YOUR INSTRUCTIONS → Given the listing below, write out exactly the lines starting with the line that has "Norma rullebord i" and going on through the line that has "Chemistry - Paper", both kept.

SUPPLIED ENTRIES →

Segment Open

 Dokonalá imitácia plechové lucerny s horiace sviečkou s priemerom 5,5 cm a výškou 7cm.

Segment Closed
Segment Open

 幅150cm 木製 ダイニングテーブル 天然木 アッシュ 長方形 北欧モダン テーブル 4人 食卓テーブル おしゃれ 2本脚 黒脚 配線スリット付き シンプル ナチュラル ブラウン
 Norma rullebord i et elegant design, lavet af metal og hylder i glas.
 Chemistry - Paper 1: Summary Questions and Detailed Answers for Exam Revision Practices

Segment Closed

TASK ANSWER →
 Norma rullebord i et elegant design, lavet af metal og hylder i glas.
 Chemistry - Paper 1: Summary Questions and Detailed Answers for Exam Revision Practices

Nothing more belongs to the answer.